El primero de los errores está en relación con el lastre del androcentrismo que identifica lo masculino con lo humano en general y hace invisible lo femenino. Podemos hablar, por ello, de violencia simbólica. Los ensayos clínicos han utilizado a los hombres como prototipos poblacionales y los resultados obtenidos los infieren a las mujeres27. Por ello muchos de los fármacos, que salen al mercado, nunca han sido testados en mujeres fértiles. Se asume que la eficacia y seguridad serán equiparables a la de los hombres. Parece mentira que no se haya caído en la cuenta de que los diferentes parámetros farmacocinéticos así como los farmacodinámicos pueden mostrar diferencias significativas dependientes del sexo28. La mejor manera de entenderlo es mediante algún ejemplo25 como puede ser la sintomatología del síndrome coronario agudo. Se asumió como cuadro «típico» o «de libro» el que consistía en dolor opresivo retroesternal que irradia al hombro y miembro superior izquierdos. Sin embargo, las mujeres con mucha más frecuencia que los hombres, tienen síntomas «atípicos» (disnea, dolor mandibular…) por lo que, en ellas, tarda más tiempo en diagnosticarse el evento y, en consecuencia, su pronóstico se ensombrece.

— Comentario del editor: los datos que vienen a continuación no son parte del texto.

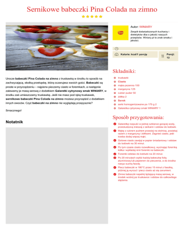 Sernikowe babeczki Pina Colada na zimno Autor: WINIARY Zespół doświadczonych kucharzy i dietetyków dba o jakość naszych przepisów. Winiary.pl to znak smaku i jakości. Kalorie: kcal/1 porcję Porcji: 12 Składniki: Urocze babeczki Pina Colada na zimno z truskawką w środku to sposób na truskawki zachwycającą, słodką przekąskę, którą oczarujesz swoich gości. Babeczki są Ciasto proste w przyrządzeniu – najpierw pieczemy ciasto w foremkach, a następnie zalewamy je masą serową z dodatkiem Galaretki cytrynowy smak WINIARY, w środku zaś umieszczamy truskawkę. Jeśli nie masz pod ręką truskawek, sernikowe babeczki Pina Colada na zimno możesz przyrządzić z dodatkiem innych owoców. Czyż babeczki na zimno nie wyglądają przepysznie? mąka pszenna 150 margaryna 125 cukier puder 50 żółtka 2 Serek serki homogenizowane po 175 g 2 Galaretka cytrynowy smak WINIARY 1 Smacznego! Sposób przygotowania: Notatnik Galaretkę rozpuść w jednej szklance gorącej wody, przestudzoną mieszaj z serkami i odstaw do lodówki. Mąkę z cukrem pudrem przesiej na stolnicę, posiekaj razem z margaryną i żółtkami. Zagnieć ciasto, jeśli trzeba dodaj więcej mąki. Gotowe ciasto zawijaj w papier śniadaniowy i odstaw do lodówki na 30 minut. Po tym czasie ciasto rozwałkowuj, wycinając foremką kółka i wykładaj nimi foremki na babeczki. Foremki odstaw do lodówki na 20 minut. Po 20 minutach wyłóż każdą babeczkę folią aluminiową lub papierem do pieczenia, a do środka nasyp suchą fasolę. Piecz babeczki w 180°C przez 15 minut z fasolką, później ją wyrzuć i piecz ciasto aż się zarumieni. Zimne babeczki napełnij tężejącą masą serową, w środek wciśnij po truskawce i odstaw do całkowitego stężenia.
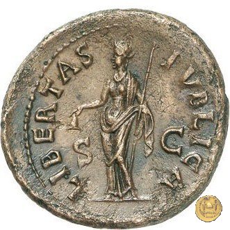 Busto di Galba, laureato, rivolto verso destra. La Libertas, drappeggiata e rivolta verso sinistra; nella mano destra un pileo, nella sinistra, un'asta.
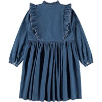 Langærmet blå kjole i økologisk bomulds-chambre. Kjolen har flæsekanter der løber på fronten, over skuldrene og bagpå, samt lille kinakrave. Ærmerne har knaplukning ved håndled og kjolen har knaplukning foran hvilket gør den nem at iføre sig.
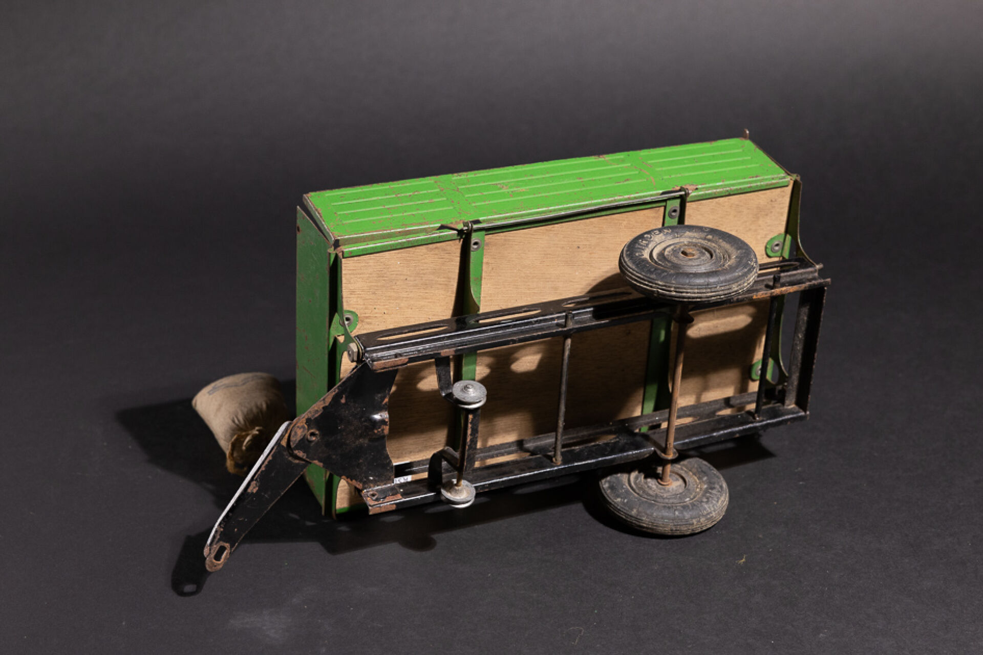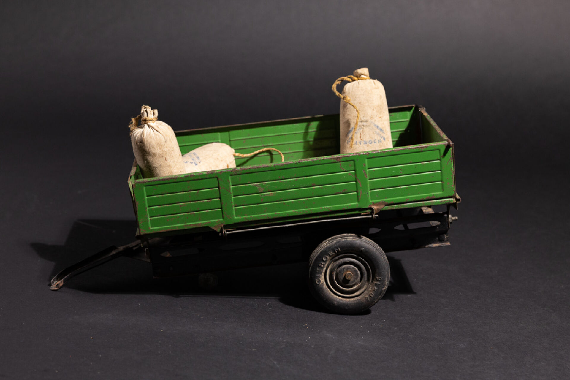 JOUET CITROEN Remorque à ridelles en métal vert marqué CITROEN, fond bois (accidents et manques). On joint : Trois petits sacs en tissu marqué CITROEN

El segundo error, al establecer de forma incorrecta diferencias entre mujeres y hombres, crea un doble estándar que sesga la práctica médica25. El doble estándar hace referencia a que signos, síntomas, datos analíticos o comportamientos idénticos tengan una consideración o interpretación diferente según el sexo del paciente. Así por ejemplo, los valores de referencia de la ferritina se consideran más bajos en la mujer lo que propicia el infradiagnóstico de anemias25.

Otros aspectos

En algunas autonomías con el auge de la inmigración, miembros de determinados colectivos por motivos socioculturales, comenzaron a realizar solicitudes controvertidas a los profesionales de la salud: ¿debe un médico o una médica hacer un certificado de virginidad?, ¿en los centros sanitarios se debe atender la solicitud de las pacientes que quieren ser atendidas exclusivamente por mujeres? El Comité Consultivo de Bioética de Cataluña29 ha reflexionado sobre estos aspectos. Entendida la virginidad como la ausencia de relaciones sexuales, no puede diagnosticarse ya que ni la exploración física ni ningún tipo de prueba complementaria proporcionan esta información. Además, una solicitud de este tipo, no tiene nada que ver con el estado de salud o de enfermedad de una persona y dicha actividad no consiste en una intervención sanitaria. En lo relativo a la solicitud de que sólo pueda ser una profesional la que realice la atención sanitaria, decir que de forma genérica, el servicio de salud considera como un derecho la elección de médico o médica, sin bien en la vida real esto no será siempre posible.

Conflicto de intereses

Los autores declaran no tener ningún conflicto de intereses.